1 of 8 players with 20,000 pts and 12,000 rebs, all time in blocks 3830 which shocked me to be honest, 7th on all time scoring list and 9th on minutes played, was the first player to get 2,000 blocks and 2,000 stls. for a big man that is impressive. Plus to top it off was the pioneer of the new age center. He can attack you inside and can attack you from the perimeter including 3 pt land. Plus has taken his team singlehanely winning two nba titles.
bndxclin wrote:Great post James. I was wondering if you were going to make your presence known in this thread considering it had to do with who I believe is your favorite player. Isiah was a warrior and a true leader.
perfecto6893 wrote:im guessin d. james is the only person who voted for zeke
Weezy wrote:I'm the guy who voted for Isaiah, didn't know everyone here was such an Hakeem fan. I'm not a fan of Thomas at all, but I did think he was a remarkable player so I voted for him. Not that I don't think Hakeem was great, just players with height have it easier, so I thought Thomas should ge the nod for doing all that while being small.
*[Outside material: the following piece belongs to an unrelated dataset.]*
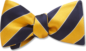 You will absolutely, positively never go wrong with a handsome woven silk in classic navy blue and gold stripes bordered with slim ribbons of white.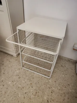 Mueble de almacenaje con cajones. Tiene puesto un vinilo imitación madera blanca de Leroy Merlin en la parte superior que le puse para ocultar algunos desperfectos. El segundo cajón hace algo de ruido al abrirse porque imagino que hay que apretar algo, pero se desliza perfectamente. No hago transporte del mueble ni lo desmonto. Si le interesa sería para recogerlo en mi apartamento.

d.James wrote:It would be easier to answer which one of my (yet to be born) children do I love more. It's just a very tough question.
Pound for pound, Isiah Thomas was the toughest SOB on the planet. And he was a tough SOB who cared more about winning than his numbers. That's why he'll explode for 25 points in a quarter (13 on one leg), 16 points in 94 seconds, 14 points in the fourth against Portland - it all happened in the postseason. He was a street baller who learned to harnass his game, realizing deception is the most potent weapon in strategy. He learned to unleash himself at the right time. This is made all the more important watching the players that have followed in his wake, hoping to be Thomas - Rafer Alston, Stephon Marbury, Allen Iverson, and Damon Stoudamire.
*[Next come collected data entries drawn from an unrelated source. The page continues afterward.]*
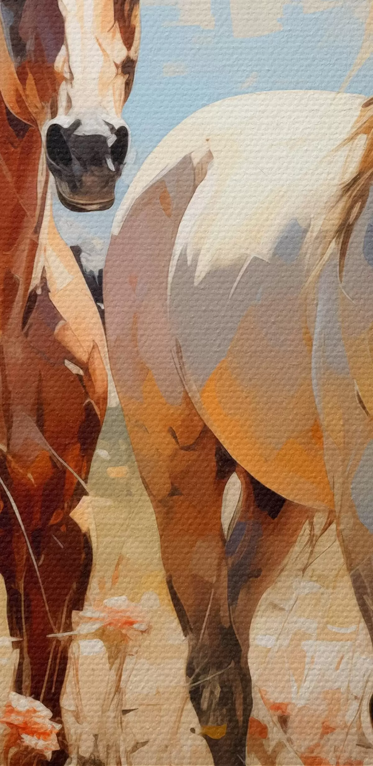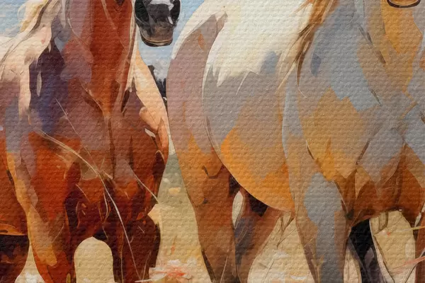 Immagine Cavalli bianchi e marroni pascolano in un prato tra fiori di campo pittura ad olio arte astratta Nr r39187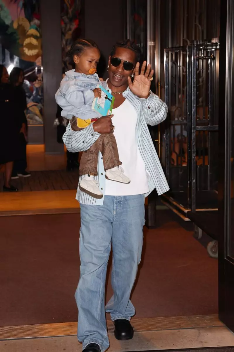 A$AP Rocky, al cărui nume real este Rakim Mayers, a părut, de asemenea, să fie bine dispus, zâmbind și salutând fanii cu RZA în brațe. El și-a păstrat look-ul casual cu jeans, un tricou alb și o jachetă cu nasturi în dungi. El a adăugat pantofi negri eleganți, ochelari de soare aviator, un colier auriu și cercei cu capse pentru a-și completa ținuta. Băieții lor au arătat, de asemenea, elegant în jachete din denim asortate. RZA a purtat o pereche de pantaloni maro și pantofi sport albi, iar Riot a purtat pantaloni scurți din denim, un tricou gri și pantofi maro.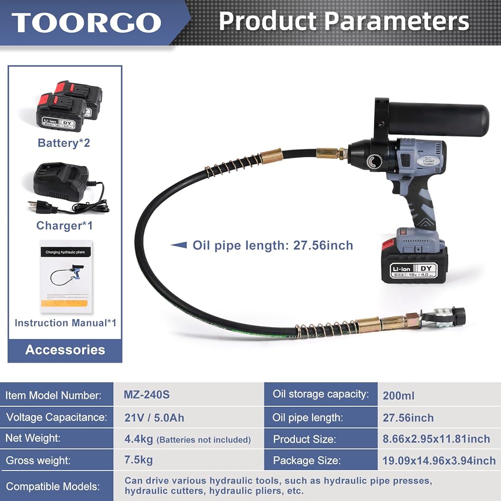 مضخة هيدروليكية كهربائية، مخرج زيت ZG3/8 بوصة، أنبوب 2.3 قدم، مضخة هيدروليكية محمولة قابلة لإعادة الشحن للرافعة الهيدروليكية أو الأداة الهيدروليكية

Hakeem was footwork. He was not an exceptionally gifted basketball player. He had none of the skill that Thomas had to possess to remain in the upper echelon of players in the NBA. He relied more on his athletic ability, especially early in his career. But as time moved on (1992-1997), he learned the art of basketball footwork and it made him next to unstoppable.
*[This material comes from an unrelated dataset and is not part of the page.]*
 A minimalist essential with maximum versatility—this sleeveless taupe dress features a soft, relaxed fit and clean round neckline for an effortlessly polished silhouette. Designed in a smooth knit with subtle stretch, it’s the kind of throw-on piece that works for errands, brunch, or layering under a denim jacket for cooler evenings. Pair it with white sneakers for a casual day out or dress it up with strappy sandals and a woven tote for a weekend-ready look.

With a gun to my head, having to choose one, I have to go with Thomas. Maybe it's because I was able to see him play more, but he was able to just grab an opponent by the short hairs and win a game. He did things that physically he shouldn't have been able to do.
Now, if I had to choose them in their prime to play in this era, I would want to see Hakeem because I think his dominance over the centers and power forwards in this game would be unmatched. Even Shaq and Tim Duncan. He's the type of big man that could survive in this era where the rule are so rigid. Players that try to be Thomas are a dime a dozen right now.
But in their era, playing against the teams of their time, I take Thomas over Olajuwon...with a gun to my head. In the immortal words of the clueless friend, Joey, "put your hands together." Now that is a team I would kill to see.